大卒者約55万9000人を対象に、2012年5月1日の状況を尋ねてみました。就職も大学院などへの進学もしていない人は15.5%の8万6638人。「進学も就職の準備もしていない」人数を調べたところ、このうち約4割の3万3584人いました。「就職準備中」が4万9441人、「進学準備中」は3613人でした。

勝ち組と負け組

学生たちの就活にも「就活格差」が出ています。内定をいくつも取る「内定長者」の学生と、まったく内定を取れない「無い内定」の学生の2極化がますます進んでいるのです。環境の変化により企業はますます厳選採用をしていて、実際、求めている人材のレベルも上がっています。

企業が欲しがる学生のパターンはどこも似たり寄ったりで、一部の学生に内定が集中してしまう現実が存在します。その割合は勝ち組が2~3割で、負け組が7~8割になっているといいます。この学生の格差拡大の傾向が年々強まっているようです。どうしてこのような状況が生じているのでしょうか。

マニュアルでは対処できない

結局のところ、どんな業界も学生に求めるのは「机を並べて一緒に仕事ができそうか」、「マジメに働いてくれそうか」といった点なのです。一言で表すなら「コミュニケーション能力がある学生」かということです。
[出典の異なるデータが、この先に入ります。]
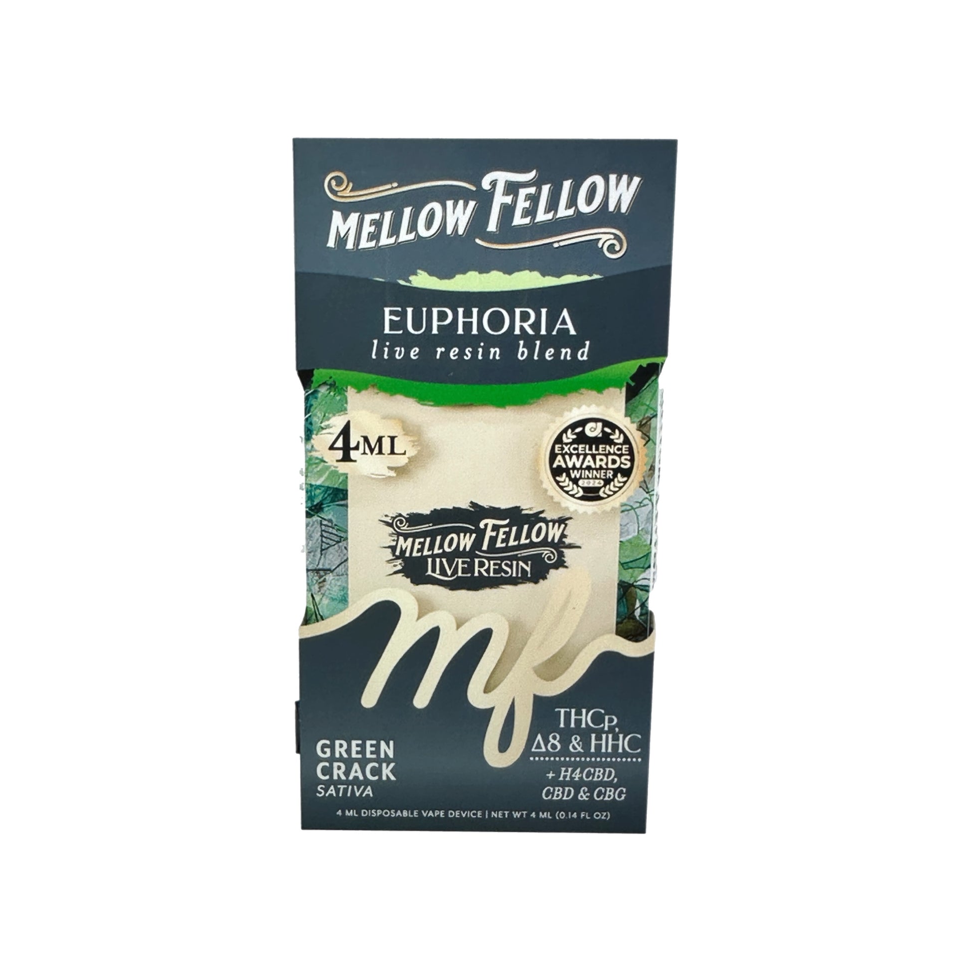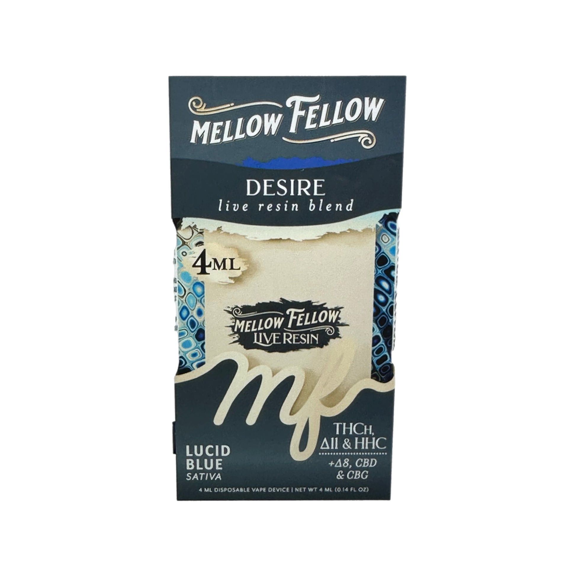 Meet the Mellow Fellow Live Resin Disposable 4G, a powerhouse blend crafted for those who appreciate purity, potency, and flavor in every puff. Each disposable vape is packed with a unique mix of cannabinoids — CBD, CBG, Delta-8 THC, and HHC — all derived from high-quality hemp and infused with strain-specific terpenes for a smooth, flavorful experience.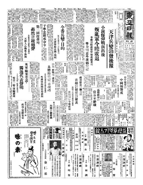 - 號外發行(호외발행) 天津兵變(천진병변) 勃發(발발)로本社(본사)는今二十(금이십) 不再錄號外(부재록호외)를發行(발행)하엿읍니다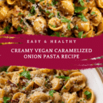 Keywords: vegan pasta, caramelized onion pasta, creamy vegan pasta, plant-based dinner, orecchiette recipe, easy vegan dinner, Italian vegan recipe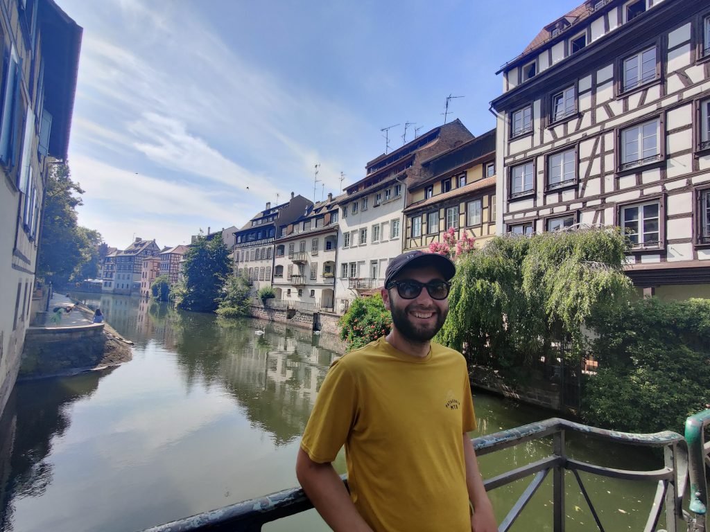 We’ve not spent a lot of time in France so far but I truly loved our night in Strasbourg. The apartment we stayed in, organised through WarmShowers, was on the fifth floor and had a gorgeous balcony. I felt like I was transported into a romantic novel where a twenty something girl escapes urban life and discovers a love of patisserie. Wandering around the market in the morning felt like floating through a maze of ever-changing smells with a background soundtrack of lightning fast, passionate and completely nonsensical (to me anyway) conversation. I wasn’t expecting it, but I really loved Strasbourg. The combination of the beautiful apartment, the canal-centric energetic city and a very delicious almond croissant was enough to bewitch me under the city’s spell.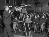 Filosofie magister Torsten Lagerstedt demonstrerar en luftvärnskulspruta för studenter på Södermanland-Nerikes nation, S:t Olofsgatan 16
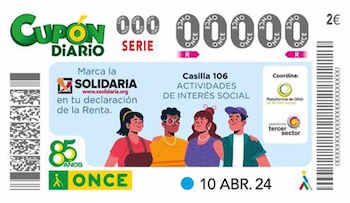 El cupón de la ONCE de este miércoles, 10 de abril, estará dedicado a la casilla de 'Actividades de Interés Social' de la Declaración de la Renta, la conocida 'X Solidaria'. Serán cinco millones de cupones los que lleven por toda España el mensaje de que con este "simple gesto se beneficia a millones de personas". Marcar la 'X Solidaria' sirve para destinar un porcentaje de su cuota íntegra a realizar programas de ayudas para personas mayores, personas con discapacidad, inmigrantes, o jóvenes y mujeres en riesgo de exclusión. Al marcar la 'X Solidaria' se destina un 0,7 % de los impuestos a programas que realizan las ONG, y que benefician a las personas en situación de vulnerabilidad; sin ningún coste económico para quien la marque. La Plataforma de ONG de Acción Social coordina desde el año 2002 la campaña X Solidaria. Desde ese año, casi cinco millones de personas más marcan la casilla solidaria de la Renta pasando de 6.887.500 declarantes en 2002 a 11.733.662 en 2022. Además, la recaudación se ha incrementado en 154 millones de euros entre 2012 y 2022. Esta campaña cuenta con el apoyo de la Plataforma del Tercer Sector, la Plataforma del Voluntariado de España, la Red Europea de Lucha contra la Pobreza y la Exclusión Social en el Estado Español (EAPN-ES), el Comité Español de Representantes de Personas con Discapacidad (CERMI), la Plataforma de Organizaciones de Infancia y la Coordinadora de Organizaciones para el Desarrollo.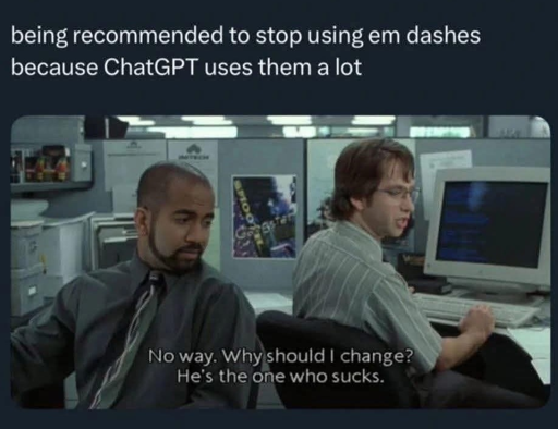 I’m with you here. If people are going to accusing me of being AI because of my use of em-dashes—a personal use that predates the Internet almost!—well, that’s what block buttons are for. Dumbasses get blocked.

しかし、残念ながら今の学生の多くはこれが未熟な傾向があります。その背景として考えられるのが、学生の「就活マシン化」です。それは、エントリーシートの書き方や面接対策を徹底的に研究し、就活をマニュアルで乗り切ろうというもので、ここ数年の就活生の王道スタイルとなっていました。
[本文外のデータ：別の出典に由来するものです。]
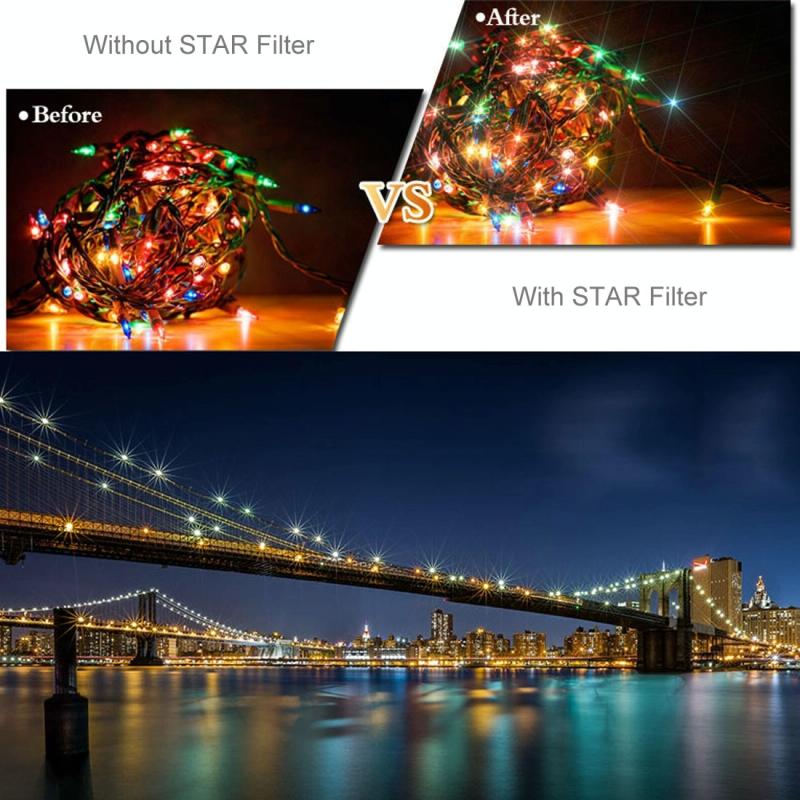 1. The starlight filter for DJI Pocket 3 is multi-layer coated, waterproof, scratch-proof, dust-proof, and oil-proof, protecting your gimbal lens from all-round damage. Starlight mirrors are usually used to shoot reflections of lights or objects in night scenes. When shooting, each light source point can emit a specific beam of light under the action of a point light source, giving the photo a dreamlike starlight artistic effect.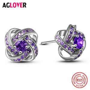 Crystal Earrings 925 Silver Charm Women 12mm Earrings 100% Sterling Silver AAA Zircon Fashion Jewelry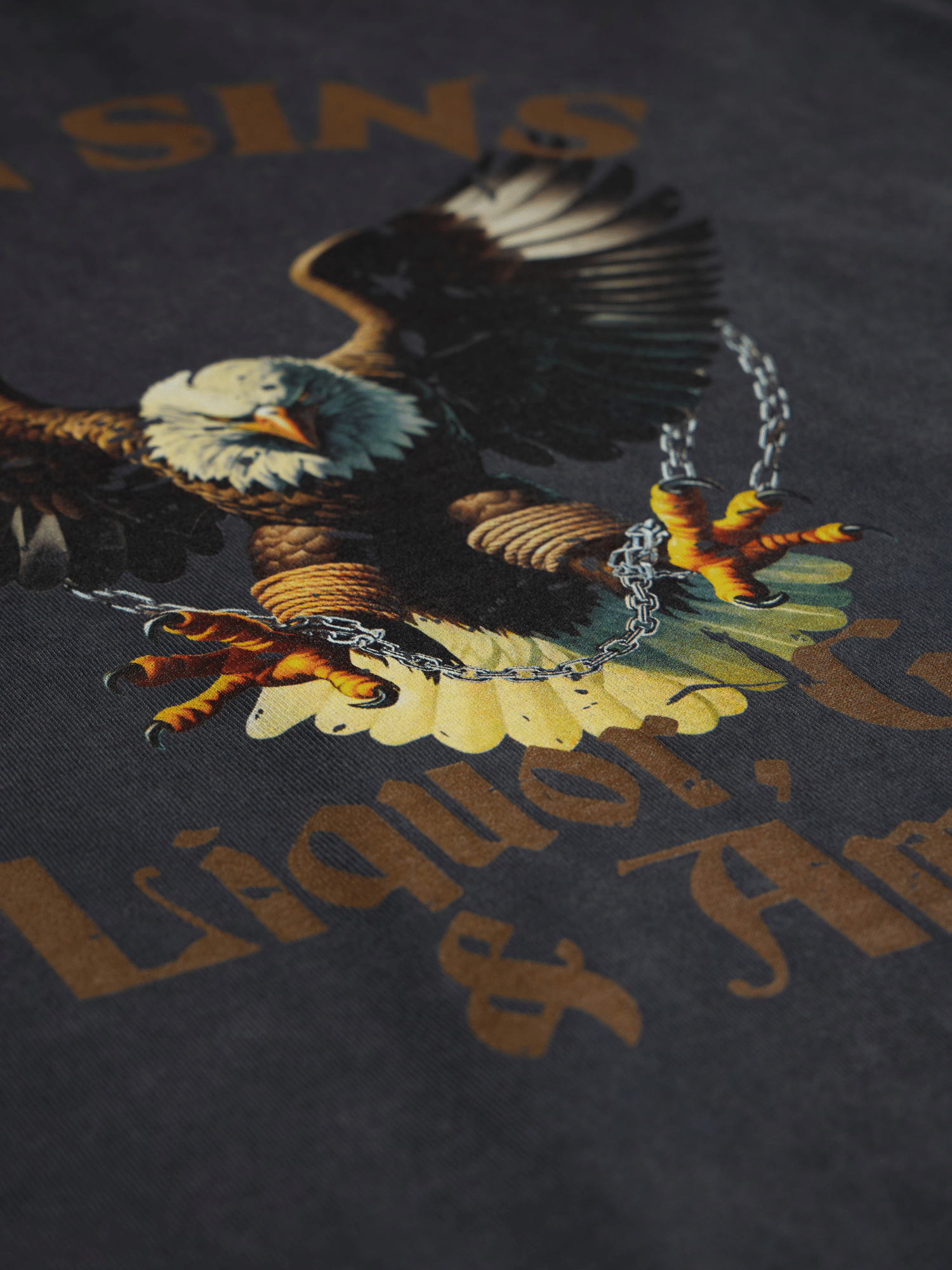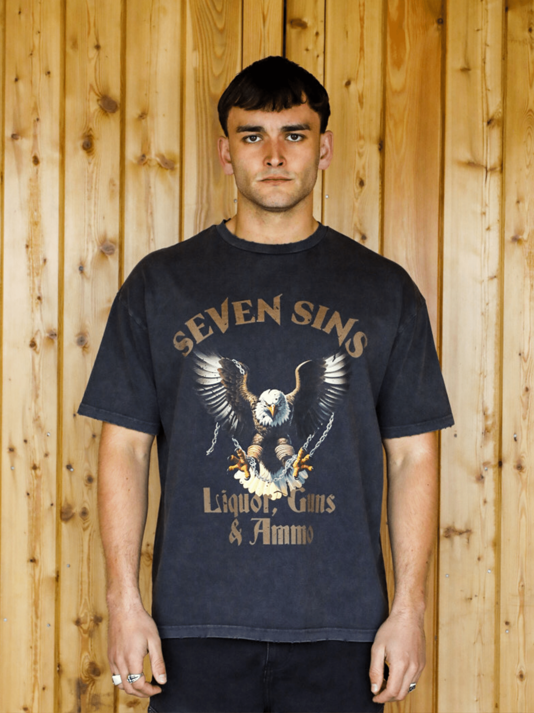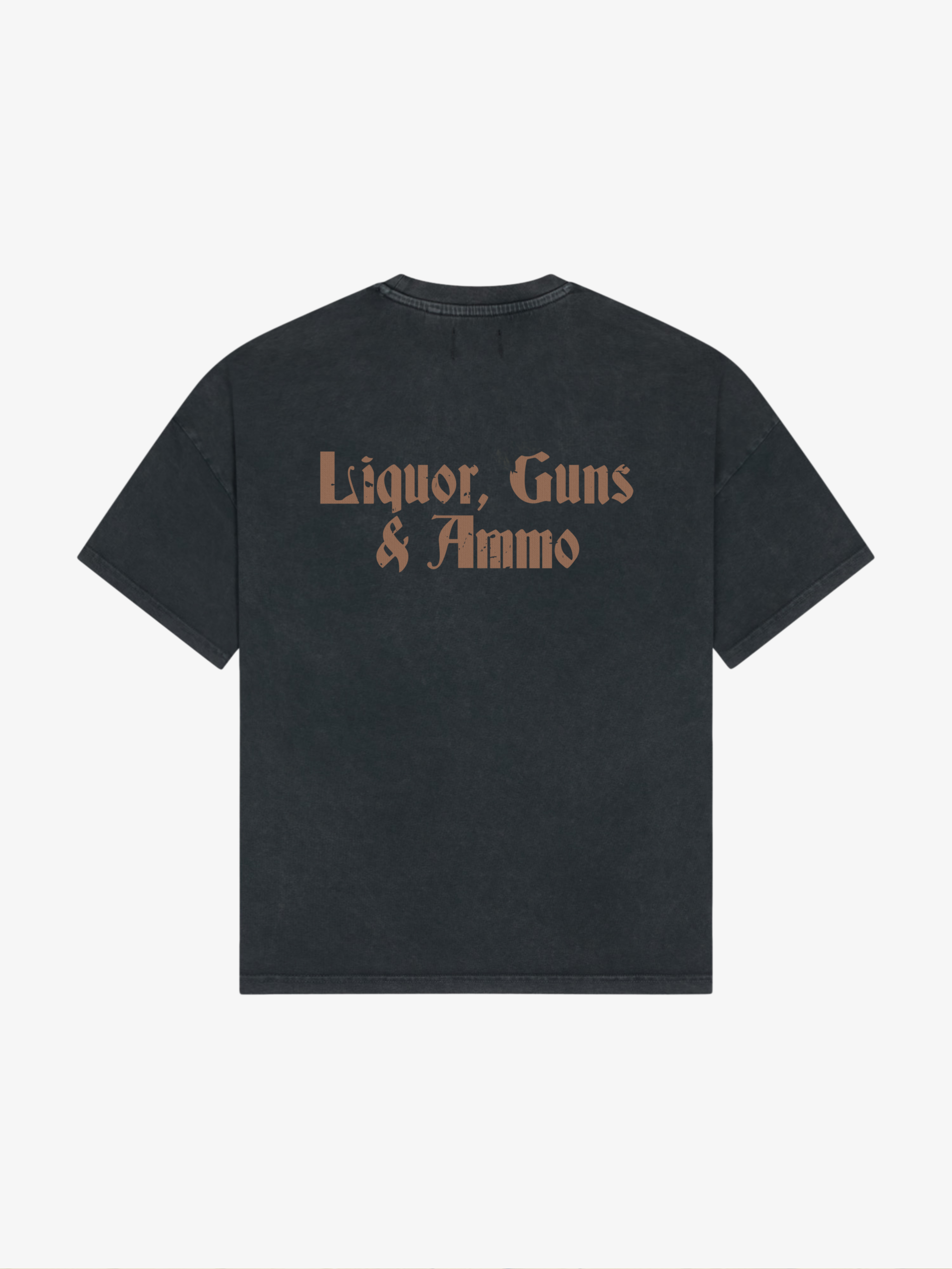 Introducing the Liquor, Guns & Ammo T-Shirt in Vintage Black. This T-Shirt is crafted from premium 300gsm heavyweight cotton, offering a substantial, premium feel. Its boxy silhouette provides a relaxed fit. Each piece is individually hand-finished, featuring our bold Liquor, Guns & Ammo graphic printed on the front and text on the back.

ですが、最近になり企業側も手を打ち始めてきたのです。最近、学生を見極めるために、企業側が面接の方法を変えてきています。なかでも多かったのが、学生に質問をさせる逆質問面接や、これといった正解のない本質を問う質問をするというものです。

例えば今年、ある大手化学メーカーの面接では「原発問題をどう思うか?」といった質問がありました。ほかには「47都道府県から、どこかをはずすとしたらどこを選ぶか?」といったものもありました。

マニュアルにない答えができるか

こうした質問はマニュアル的な回答では乗りきれません。学生自身がその場で考え、答えることを求められるので、メッキがはがれてしまうのです。そもそも企業が求める「コミュニケーション能力」は、その学生の人間性を問うものであって、なんらかの対策で身につくものではありません。

今の学生は「自己PRを」と言われると自分のいいところばかりを演説してしまいます。売り手のニーズを考えずに、自社の宣伝ばかりをする営業マンではいつの日か切られてしまいそうです。

「就活マニュアル本」は自己分析の大切さを説きますが、そこばかりにとらわれ、自己分析すればするほど、片手落ちになりがちです。皮肉なことに、就活対策に熱心な「就活エリート」ほど、内定から遠ざかってしまうという事態が起きているのです。